Duško Milinković

Personal information
- Full name: Dušan Milinković
- Date of birth: 2 December 1960 (age 64)
- Place of birth: Čačak, PR Serbia, FPR Yugoslavia
- Height: 1.83 m (6 ft 0 in)
- Position(s): Forward

Senior career*
- Years: Team / Apps / (Gls)
- 1983–1986: Borac Čačak / 84 / (13)
- 1987–1988: Rad / 43 / (16)
- 1988–1989: Osasuna / 18 / (1)
- 1989–1992: Samsunspor / 60 / (22)
- 1992–1993: Karşıyaka / 17 / (2)
- 1993–1995: Sloga Kraljevo
- 1995–1996: Borac Čačak / 6 / (0)

International career
- 1988: Yugoslavia Olympic / 1 / (0)

= Duško Milinković =

Serbian footballer

Dušan "Duško" Milinković (Душан Душко Милинковић; born 2 December 1960) is a Serbian retired footballer who played as a forward.

==Club career==
After starting out at Borac Čačak, Milinković joined Rad, becoming the Yugoslav First League top scorer in the 1987–88 season with 16 goals.
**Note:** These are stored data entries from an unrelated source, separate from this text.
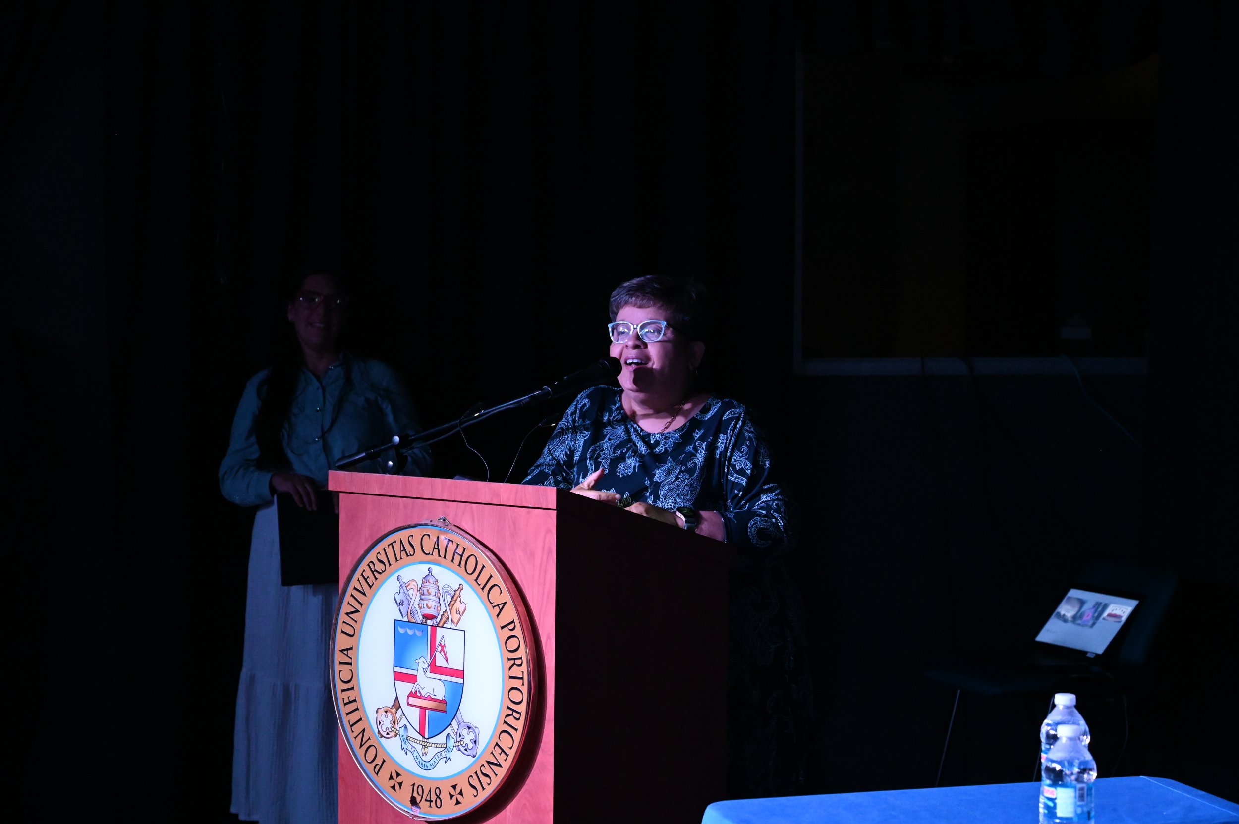 “Este encuentro fue muy importante porque marca una parte esencial de lo que es la historia del teatro universitario y porque es muy significativo que este montaje en el 1997 en el majestuoso Teatro La Perla de Ponce diera pie para que la Universidad entendiera que necesitábamos un escenario donde se realizaran producciones como lo fue Ana Frank: Terror y Esperanza bajo la dirección de Edilberto Torres Santos, música de Rubén Colón Tarrats unido al Coro de la PUCPR. Y como parte de la celebración de los 10 años del teatro Mons. Vicente Murga quisimos traer esta obra después de 29 años. para conmemorar ese gran momento” explicó Rosita Archevald Zayas, directora de la Oficina de Extensión Cultural.
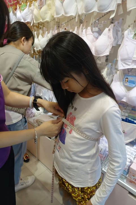 【画像】JSさん、まだブラが必要ないのに胸のサイズを測ってしまうwwwwwwww
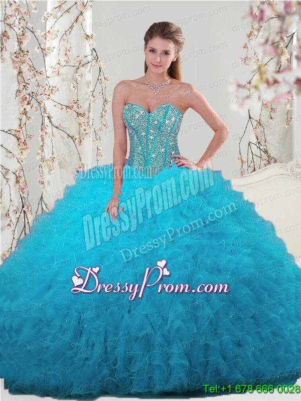 Neckline : SweetheartShown Color : TurquoiseSilhouette : Ball GownsSleeve Length : sleevelessHemline : floor lengthBack Detail : Lace upFabric : OrganzaEmbellishment : Beading,RufflesOccasion : Military Ball,Sweet 16,QuinceaneraSeason : Spring,Summer,Fall,Winter
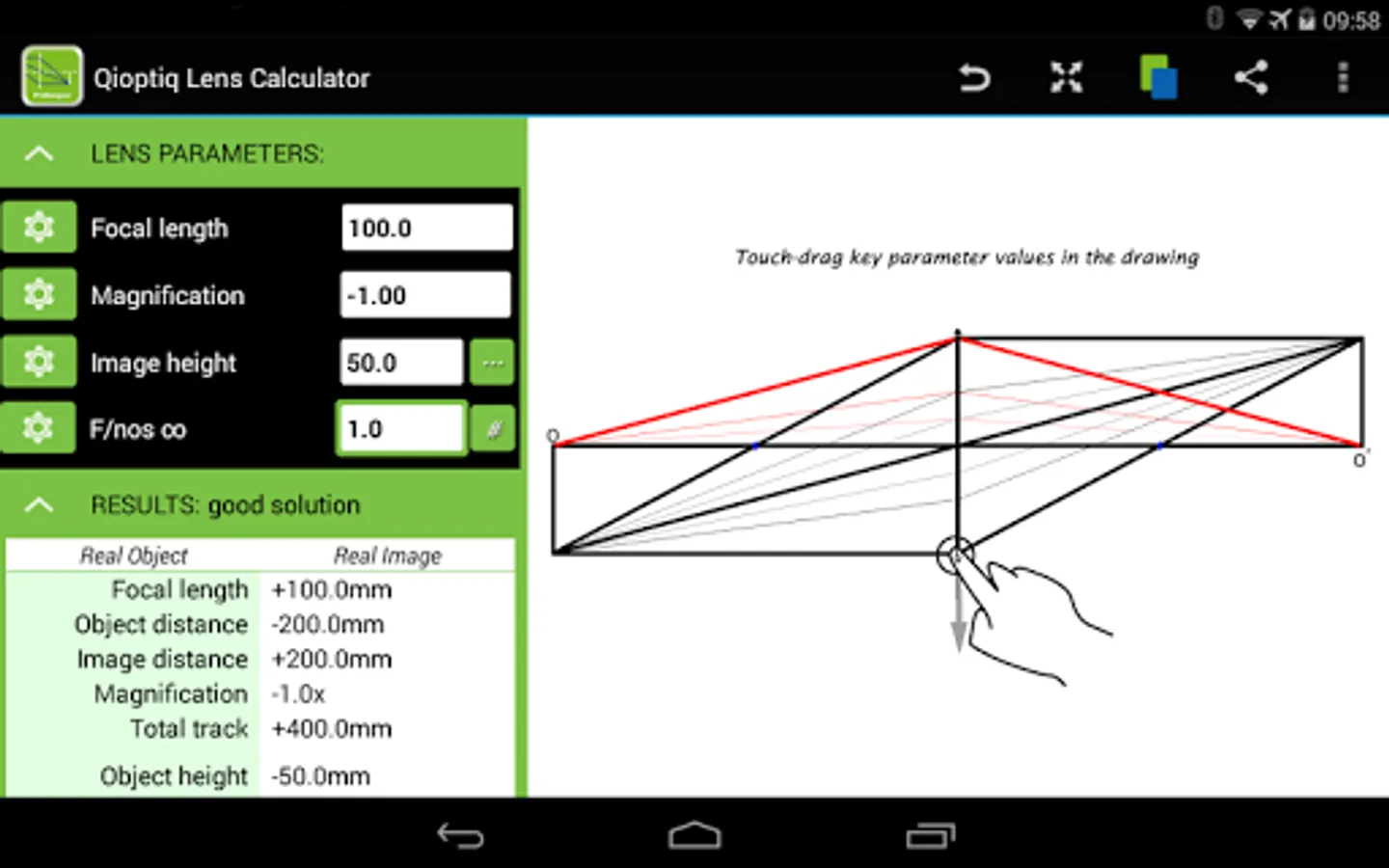 The ray diagram & nomogram are gesture enabled, so you can drag key features to edit focal length, object distance & size, image distance & size, aperture or principle plane distance. Graphics up-date as you drag - a true ‘lens equation’ visualiser!
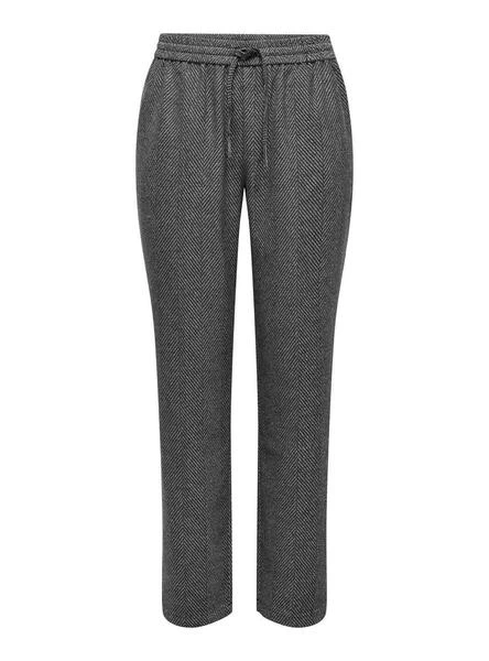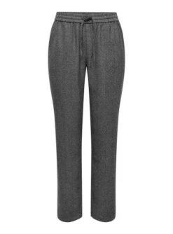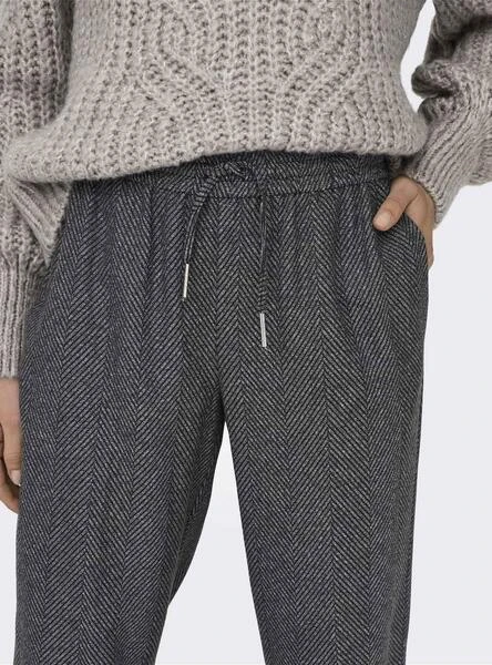 Pantalon Only. Modèle Shay. Couleur gris. Tissu à chevrons marbré. Taille élastique avec cordon de serrage. Style jogger. Longueur de la cheville. Côté Poches.
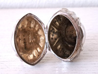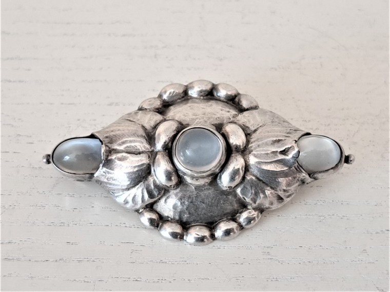 Utsökt vacker, oval form m växtdekor i hög relief i utpräglad jugend, tre infattade Månstenar, 5,8 H3,2 vikt 14g MKT HÖG KVALITÉ, TOPPSKICK
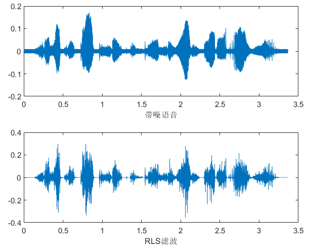 RLS:计算量巨大,理论上能快速收敛,通过实际观察波形图,确实前面一段语音噪声没了,但是相对于LMS算法对原波形的影响较大。应该是超参数没有设置到位导致的过渡的去噪。
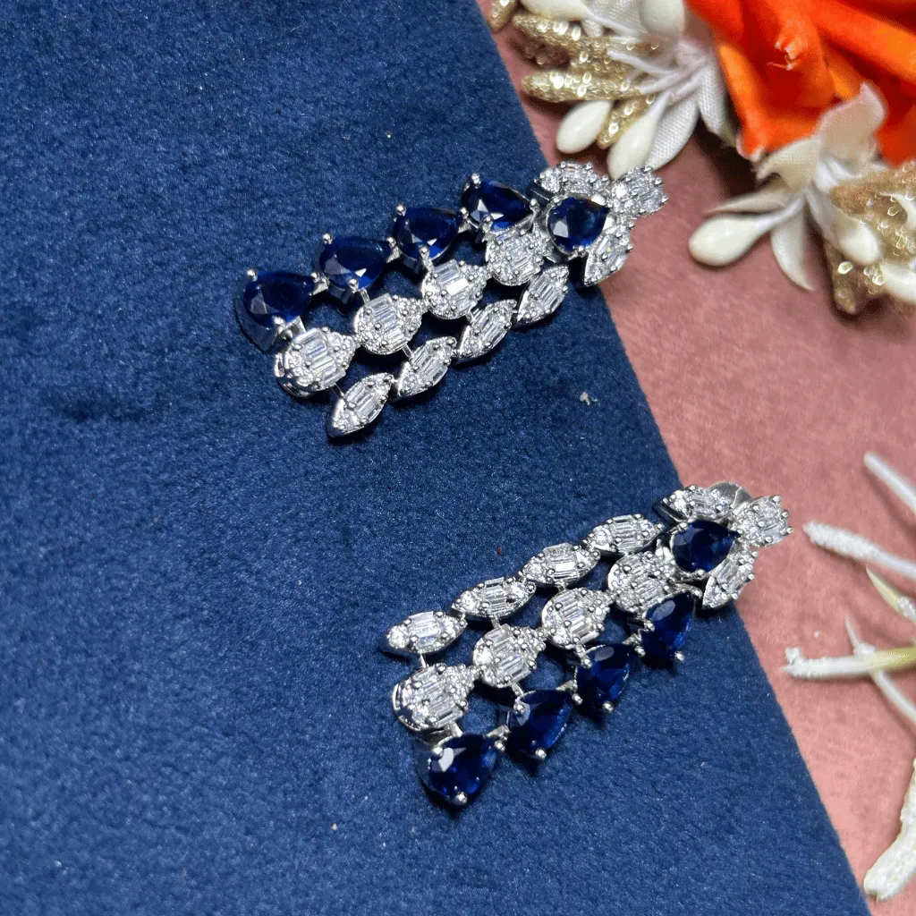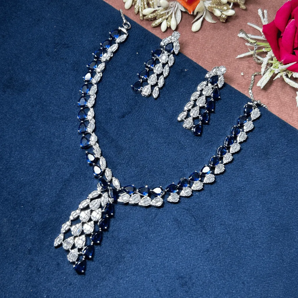 Redefine modern glamour with this exquisite American Diamond necklace. Featuring a stunning dual-tone strand of brilliant-cut stones and rich sapphire blue accents, the design culminates in a dramatic cascading pear drop. This handcrafted jewelry set offers a sleek, minimalist fit with high-end sparkle, making it an unforgettable choice for weddings or a sophisticated engagement ensemble.
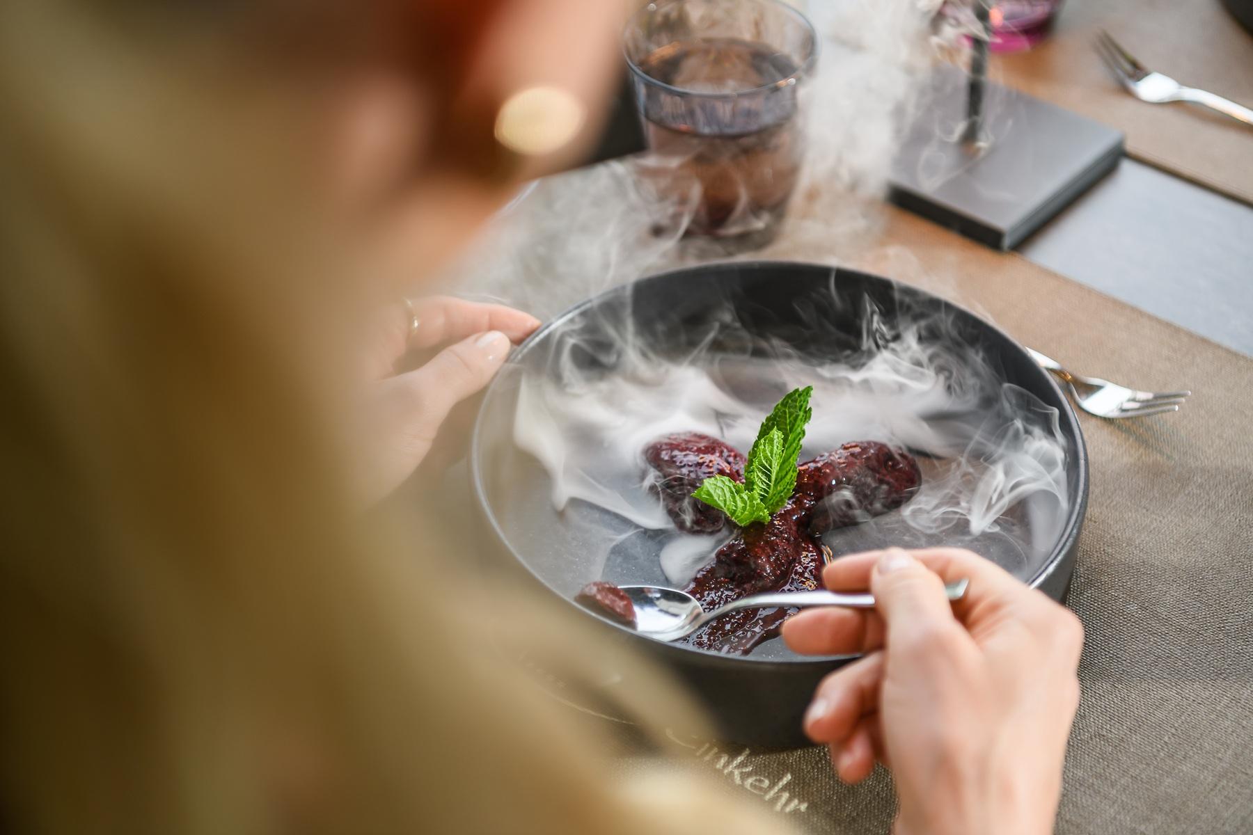 Gerne können Sie gegen Voranmeldung in der Zeit von 18.30 bis 20.30 Uhr bei uns speisen. Serviert wird das 4-Gang-Wahlmenü unserer Hausgäste
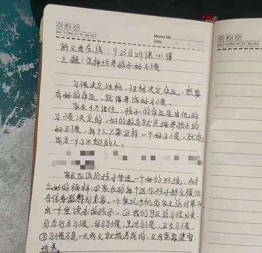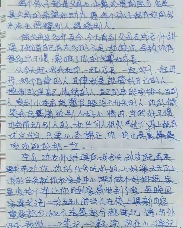 大部分家长在收看直播的同时,还写下了听课记录和心得体会,一位家长在体会中写道:(家长)的言传身教非常重要,一个爱玩手机的家长绝对带不出一个爱读书的孩子……有位家长听了直播课后,写下了自己对孩子的期望:“每个孩子都是父母心中最珍贵的宝贝,是父母的希望和动力,愿每个孩子都有她的发光点,照耀别人,温暖别人。”
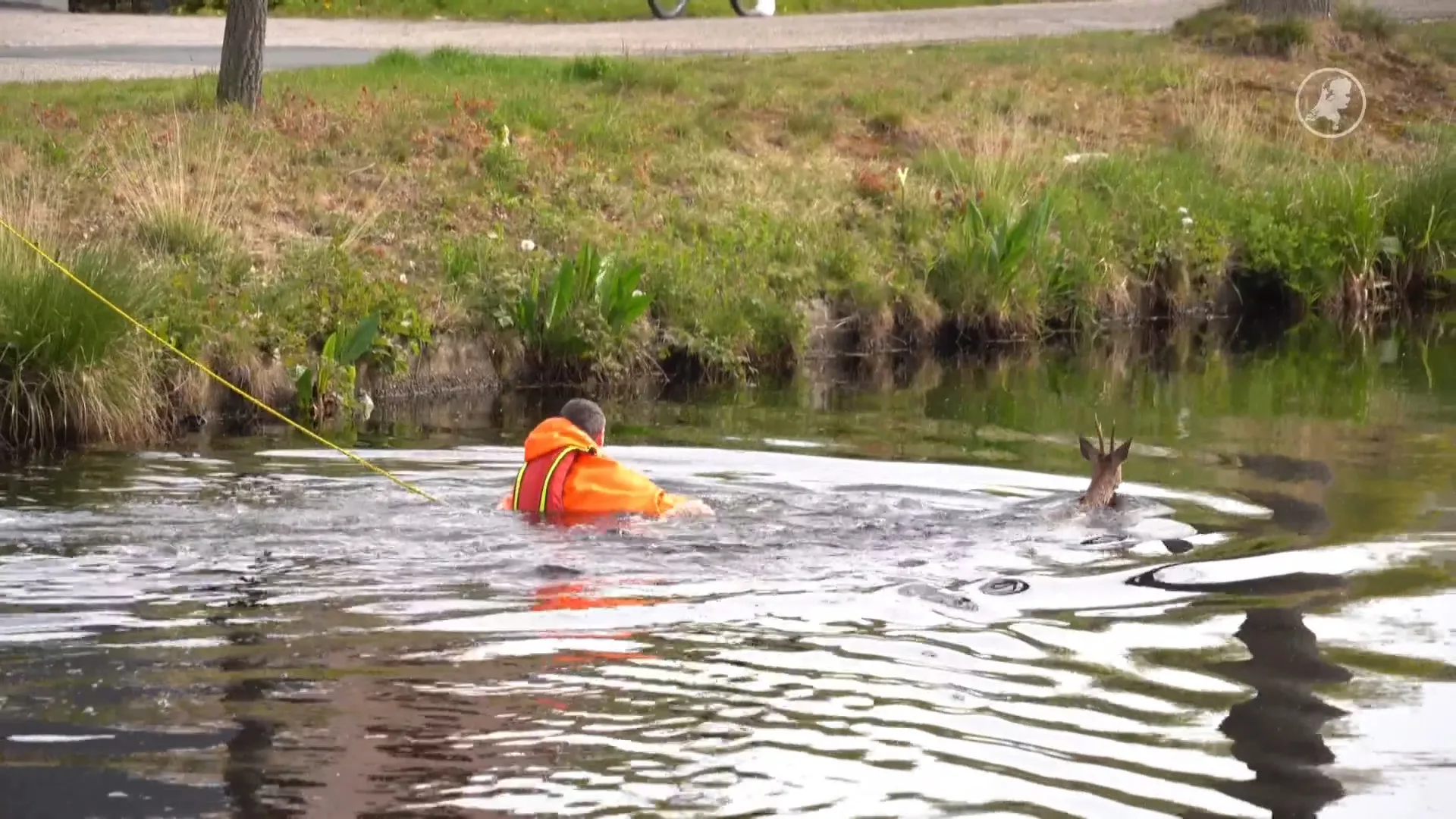 Een ree in nood is maandagochtend door de brandweer gered uit het water in Assen. De ree wordt op een geschikte locatie in de natuur weer vrijgelaten.
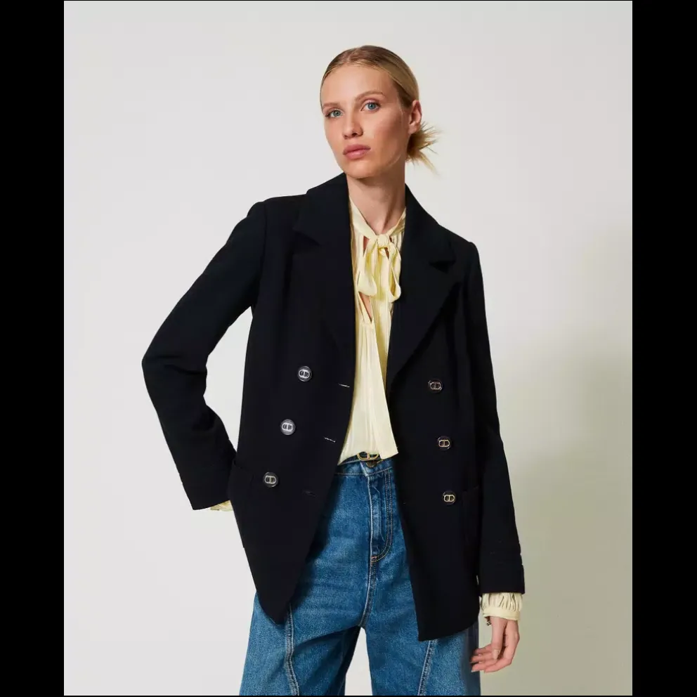 Casaco Caban confecionado em tecido macio, entrançado à mão, com estrutura em crepe. Gola lapelas, abotoamento duplo com botões dourados com o logotipo Oval T em relevo, mangas compridas com ombreiras e bordado em ponto à jour tonal, bolsos

He also played professionally in Spain and Turkey.

==International career==
At international level, Milinković represented Yugoslavia at the 1988 Summer Olympics, making one appearance in the tournament.

==Personal life==
Nicknamed "Sulja", Milinković is the father of fellow footballer Marko Milinković.